▶ WHAT TO DO
The lines below, from the one holding "CONCRETE MIXER Voltage: 220-240V/50HZ" through the one holding "MAN 41.680 TGX", are to be restated word for word, with all images left out.

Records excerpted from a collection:

☆ ☆ ☆

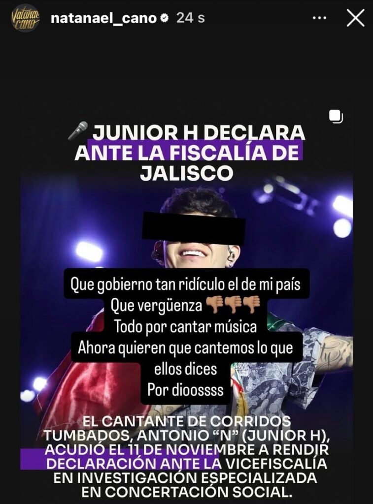 La molestia de Cano surge luego de que Junior H fuera acusado de presunta apología del delito, tras interpretar “El Azul”—tema que menciona a un líder del crimen organizado— durante su presentación en las Fiestas de Octubre de Zapopan.
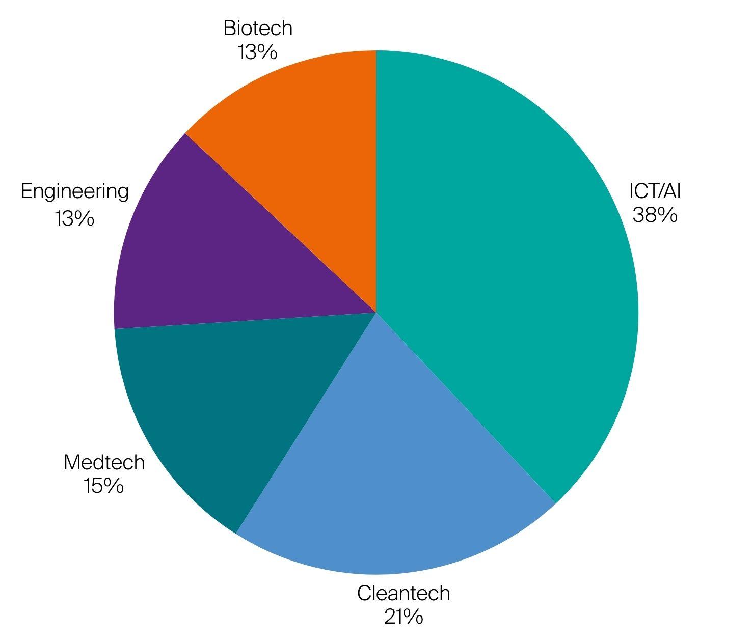 Enfin, les domaines représentés confirment la diversité technologique de l’EPFL. Si certaines tendances fortes se dessinent, notamment dans l’IT et l’IA, les secteurs de la cleantech, de l’ingénierie et de la medtech demeurent tout aussi bien représentés.
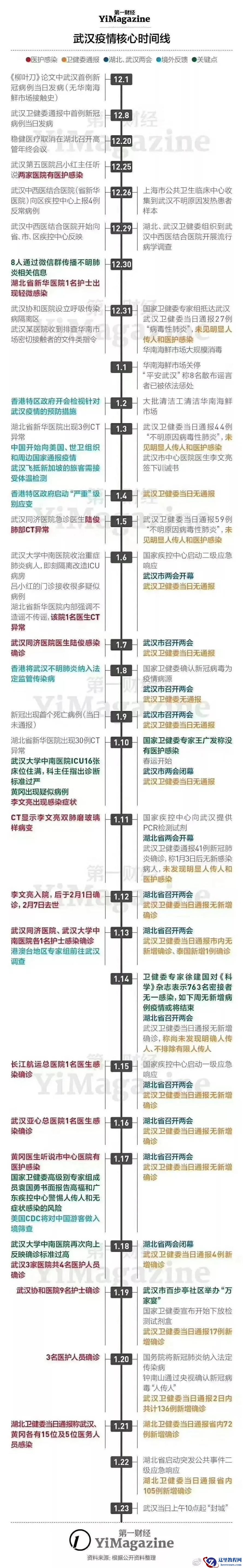 这里放一个来源于第一财经关于武汉疫情的核心时间轴,我们细品。
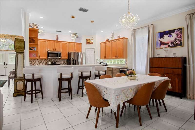 Welcome to your private oasis in the heart of Mote Ranch, one of Bradenton’s most desirable and serene communities. Backing to a lush nature preserve with no rear neighbors, this beautifully updated home offers unmatched privacy, tranquil water views, and over $66,000 in thoughtful improvements. From the moment you arrive, you’ll feel the calm of the setting, surrounded by tropical landscaping and daily sightings of Florida’s vibrant wildlife, including sandhill cranes, spoonbills, herons, turtles, and more. Step inside to find a light-filled, open layout with soaring ceilings, newly installed luxury vinyl plank flooring in the guest rooms and office, fresh Sherwin-Williams Cashmere interior paint, and custom draperies throughout. The kitchen is a standout with painted lower cabinets, a new Kraus single-bowl granite sink, new double oven stove, microwave, dishwasher, garbage disposal, and refinished wood cabinetry, ideal for both casual meals and entertaining. Recessed dimmable LED lighting, new chandeliers, ceiling fans, dimmer switches, and upgraded GFI outlets throughout the home add comfort and efficiency. Both guest bathrooms have new eco-flush toilets and upgraded exhaust fans, and the primary suite offers a peaceful retreat with lanai access, dual vanities, a walk-in shower, and soaking tub. Enjoy complete peace of mind with a newly installed ADT security system you can monitor from your phone, plus a keypad lock on the front door and updated electric panel. Outside, the covered lanai invites you to relax with a beverage in hand and watch the sun set over your private pool and spa. The inviting pool includes new valves and a new heater and cooler system, perfect for year-round enjoyment. A new sprinkler system and fresh landscaping complete the exterior upgrades. Mote Ranch offers low HOA dues and excellent amenities including a community pool, kayak launch, dock, fishing area, and miles of sidewalks ideal for morning and evening strolls. The location is unbeatable, just minutes from University Town Center Mall, Whole Foods, Trader Joe’s, The Fresh Market, and more than 80 restaurants and shops. Lakewood Ranch Medical Center, one of the area’s top-rated hospitals, is only 5 miles away, and you’re just a 30-minute drive to world-class Gulf beaches. Plus, the home is not in a flood zone, which helps keep insurance costs lower. This is more than just a home—it’s a lifestyle. Peaceful, private, and perfectly located, this move-in ready retreat is waiting for you. Call today to schedule your private showing.
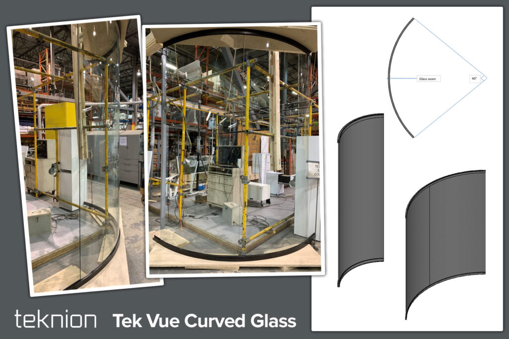 Want a curved transition between walls instead of a sharp angle? Tek Vue is now available with curved glass that accommodates angles of 90° or more between walls with radius between 30″ and 75″. For radius from 30″ to 36″, only one piece of glass is required for a 90° angle. For walls between 36″ and 75″, two pieces of glass are used with a discrete tape & clear connector transition between pieces.
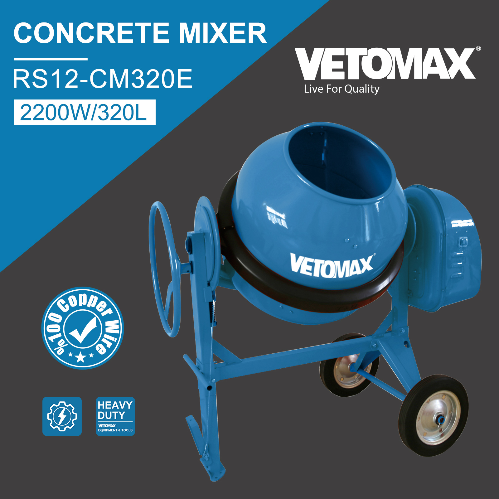 CONCRETE MIXER Voltage: 220-240V/50HZ Drum Volume: 320L Input power: 2200W Drum Diameter : 742mm Drum height : 810mm Copper wire induction motor IRON CASE DIM:158*83*150CM
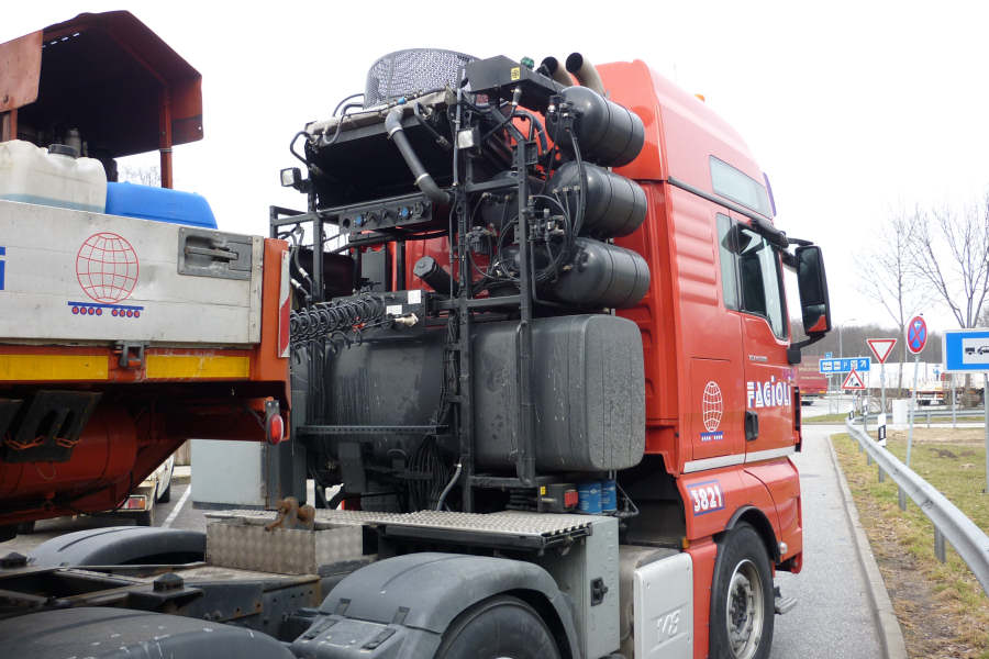 MAN 41.680 TGX , Transport eines Rammengrundgerätes
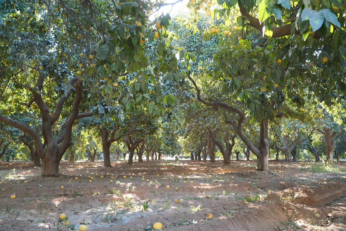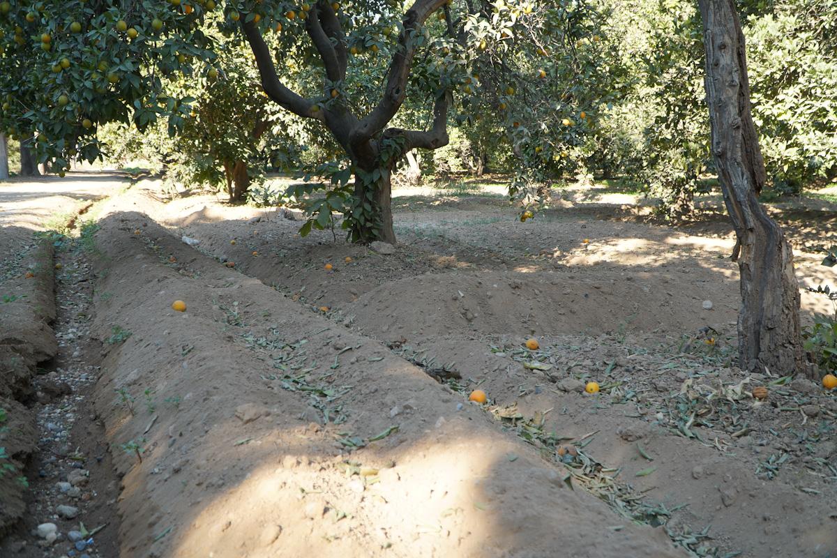 Od lat tamtejsi sadownicy stosują narzędzie w typie talerzówki, które zostawia dwa głębsze rowy po obu bokach, co doskonale widzimy na dwóch poniższych zdjęciach. W miesiącach letnich, gdy praktycznie nie pada, temperatura wynosi około 30 stopni w dzień, ale rzadko spada poniżej 25 stopni. Sadownicy cyklicznie „zalewają” sady, żeby drzewa mogły utrzymać owoce i przetrwać w dobrej kondycji do listopadowych zbiorów.
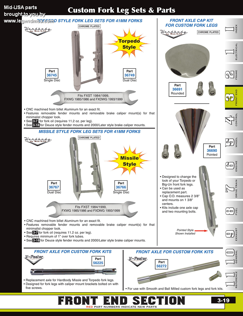 | MU-36767 | FR FORK LW LEGS,MISSILE STYLE FXST 84/99,FXWG 85/86,FXDWG 93 /99,DUAL DISC 41MM,CHROME | 499.98 | 434.77 |

☆ ☆ ☆

▶ RESULT OF THIS EXERCISE
 CONCRETE MIXER Voltage: 220-240V/50HZ Drum Volume: 320L Input power: 2200W Drum Diameter : 742mm Drum height : 810mm Copper wire induction motor IRON CASE DIM:158*83*150CM
 MAN 41.680 TGX , Transport eines Rammengrundgerätes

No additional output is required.